What is expected:
Please print every record below exactly as written, leaving out the pictures.

Data entries:
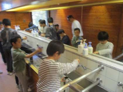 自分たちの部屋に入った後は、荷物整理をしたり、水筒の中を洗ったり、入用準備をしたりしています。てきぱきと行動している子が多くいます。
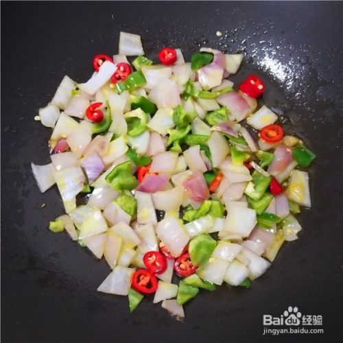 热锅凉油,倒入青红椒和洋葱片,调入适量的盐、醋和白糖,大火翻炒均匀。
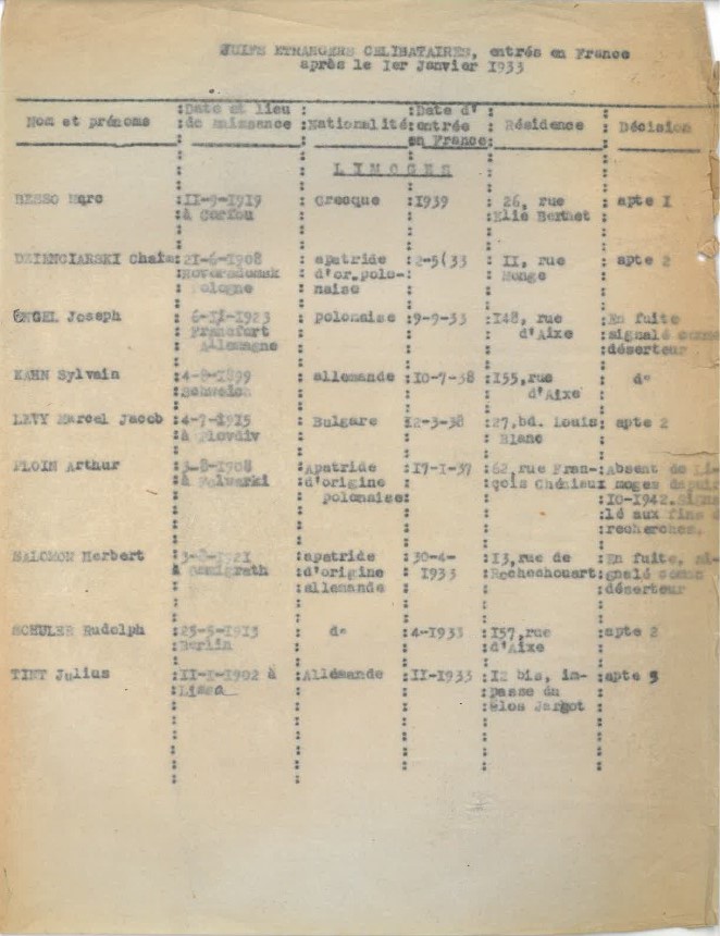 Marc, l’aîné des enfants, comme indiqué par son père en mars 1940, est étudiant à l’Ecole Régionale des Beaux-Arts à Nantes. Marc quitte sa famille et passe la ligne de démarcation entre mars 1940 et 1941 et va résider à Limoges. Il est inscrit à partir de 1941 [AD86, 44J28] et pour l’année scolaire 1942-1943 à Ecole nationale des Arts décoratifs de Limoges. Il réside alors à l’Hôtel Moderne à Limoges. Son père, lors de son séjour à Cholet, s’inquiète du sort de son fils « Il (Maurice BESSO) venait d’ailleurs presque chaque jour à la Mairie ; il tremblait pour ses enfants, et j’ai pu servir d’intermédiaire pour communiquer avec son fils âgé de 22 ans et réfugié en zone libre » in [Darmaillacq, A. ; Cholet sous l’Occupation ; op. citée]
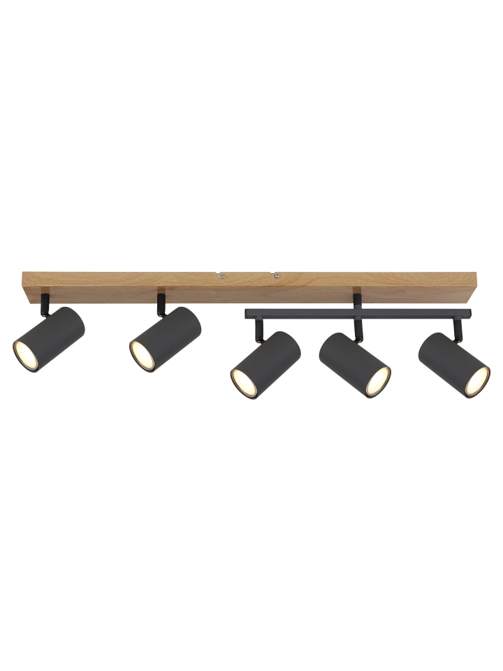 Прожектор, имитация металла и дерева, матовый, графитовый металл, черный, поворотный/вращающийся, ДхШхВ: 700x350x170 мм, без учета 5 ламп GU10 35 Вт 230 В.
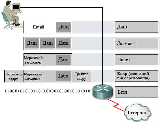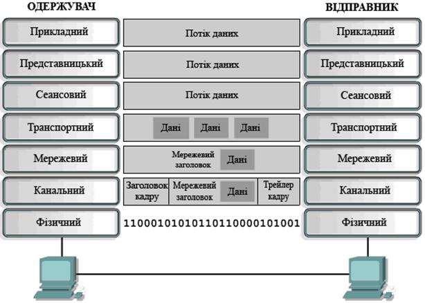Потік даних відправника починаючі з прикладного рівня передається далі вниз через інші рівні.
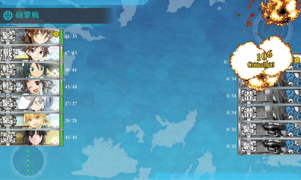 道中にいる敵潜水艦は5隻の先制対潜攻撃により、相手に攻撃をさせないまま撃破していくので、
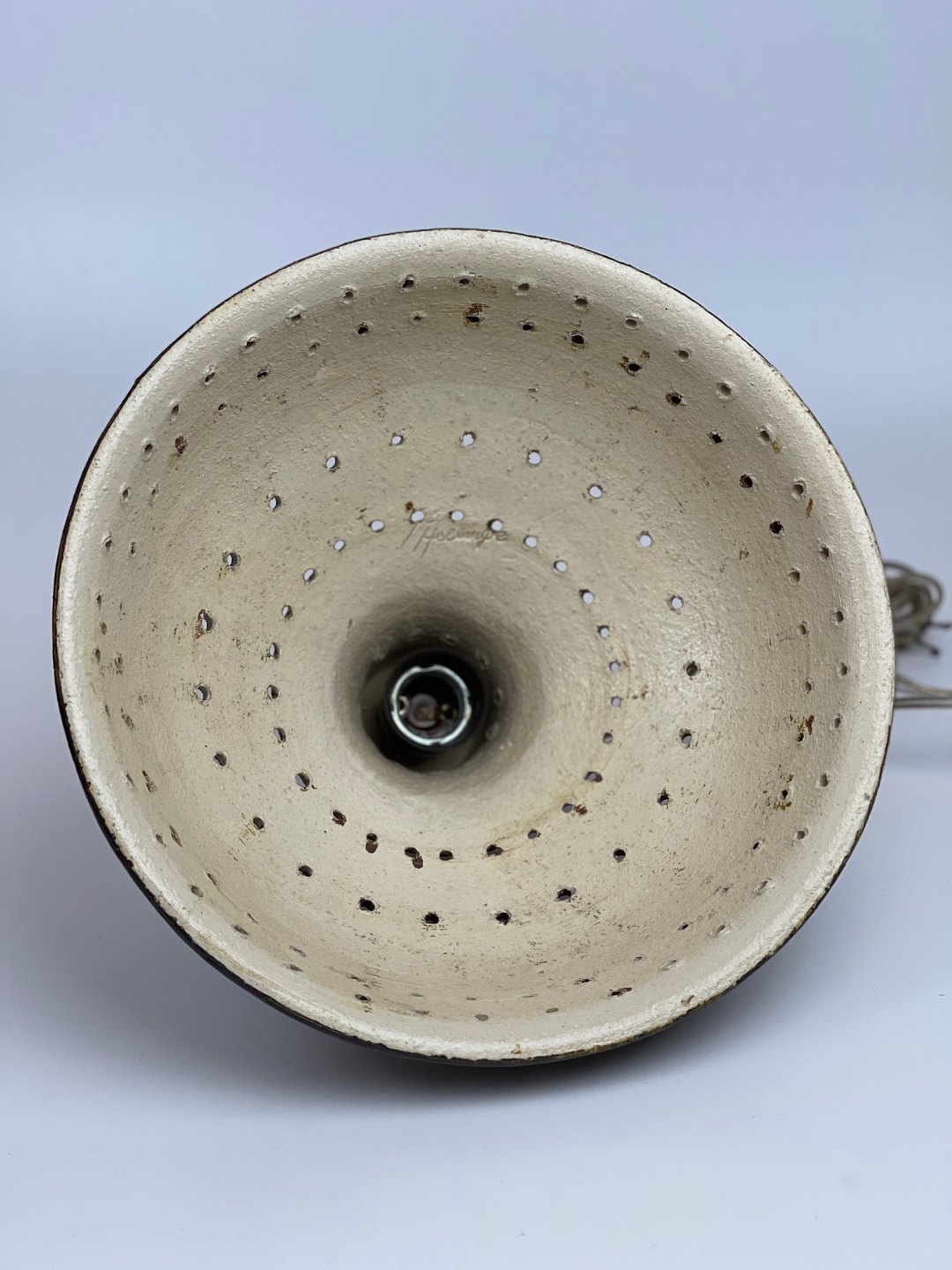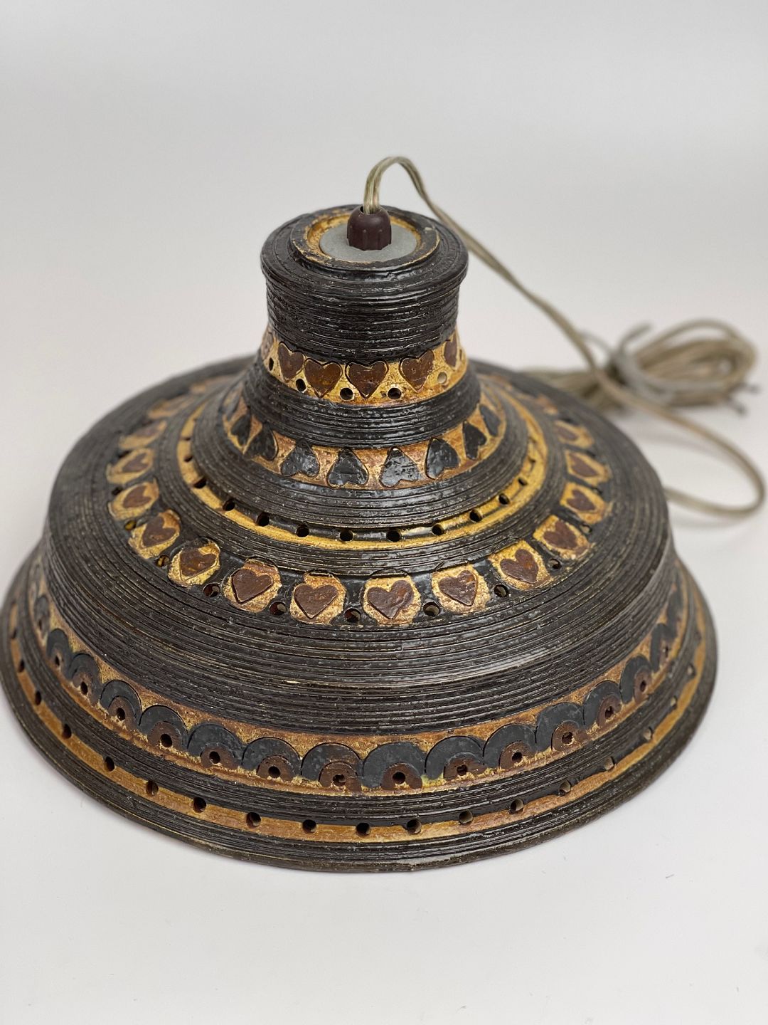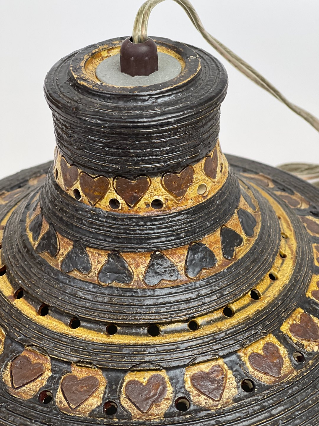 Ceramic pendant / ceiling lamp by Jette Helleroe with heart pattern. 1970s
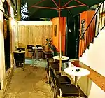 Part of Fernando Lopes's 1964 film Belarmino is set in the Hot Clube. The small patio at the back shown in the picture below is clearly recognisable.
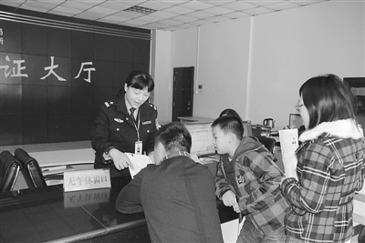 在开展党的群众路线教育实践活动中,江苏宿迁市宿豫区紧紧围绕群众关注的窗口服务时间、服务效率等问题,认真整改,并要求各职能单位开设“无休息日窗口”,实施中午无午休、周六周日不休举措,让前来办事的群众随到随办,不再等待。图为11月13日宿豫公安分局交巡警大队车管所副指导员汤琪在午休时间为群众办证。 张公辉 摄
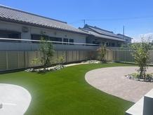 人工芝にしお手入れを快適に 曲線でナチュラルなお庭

Solution:
 自分たちの部屋に入った後は、荷物整理をしたり、水筒の中を洗ったり、入用準備をしたりしています。てきぱきと行動している子が多くいます。
 热锅凉油,倒入青红椒和洋葱片,调入适量的盐、醋和白糖,大火翻炒均匀。
 Marc, l’aîné des enfants, comme indiqué par son père en mars 1940, est étudiant à l’Ecole Régionale des Beaux-Arts à Nantes. Marc quitte sa famille et passe la ligne de démarcation entre mars 1940 et 1941 et va résider à Limoges. Il est inscrit à partir de 1941 [AD86, 44J28] et pour l’année scolaire 1942-1943 à Ecole nationale des Arts décoratifs de Limoges. Il réside alors à l’Hôtel Moderne à Limoges. Son père, lors de son séjour à Cholet, s’inquiète du sort de son fils « Il (Maurice BESSO) venait d’ailleurs presque chaque jour à la Mairie ; il tremblait pour ses enfants, et j’ai pu servir d’intermédiaire pour communiquer avec son fils âgé de 22 ans et réfugié en zone libre » in [Darmaillacq, A. ; Cholet sous l’Occupation ; op. citée]
 Прожектор, имитация металла и дерева, матовый, графитовый металл, черный, поворотный/вращающийся, ДхШхВ: 700x350x170 мм, без учета 5 ламп GU10 35 Вт 230 В.
Потік даних відправника починаючі з прикладного рівня передається далі вниз через інші рівні.
 道中にいる敵潜水艦は5隻の先制対潜攻撃により、相手に攻撃をさせないまま撃破していくので、
 Ceramic pendant / ceiling lamp by Jette Helleroe with heart pattern. 1970s
 Part of Fernando Lopes's 1964 film Belarmino is set in the Hot Clube. The small patio at the back shown in the picture below is clearly recognisable.
 在开展党的群众路线教育实践活动中,江苏宿迁市宿豫区紧紧围绕群众关注的窗口服务时间、服务效率等问题,认真整改,并要求各职能单位开设“无休息日窗口”,实施中午无午休、周六周日不休举措,让前来办事的群众随到随办,不再等待。图为11月13日宿豫公安分局交巡警大队车管所副指导员汤琪在午休时间为群众办证。 张公辉 摄
 人工芝にしお手入れを快適に 曲線でナチュラルなお庭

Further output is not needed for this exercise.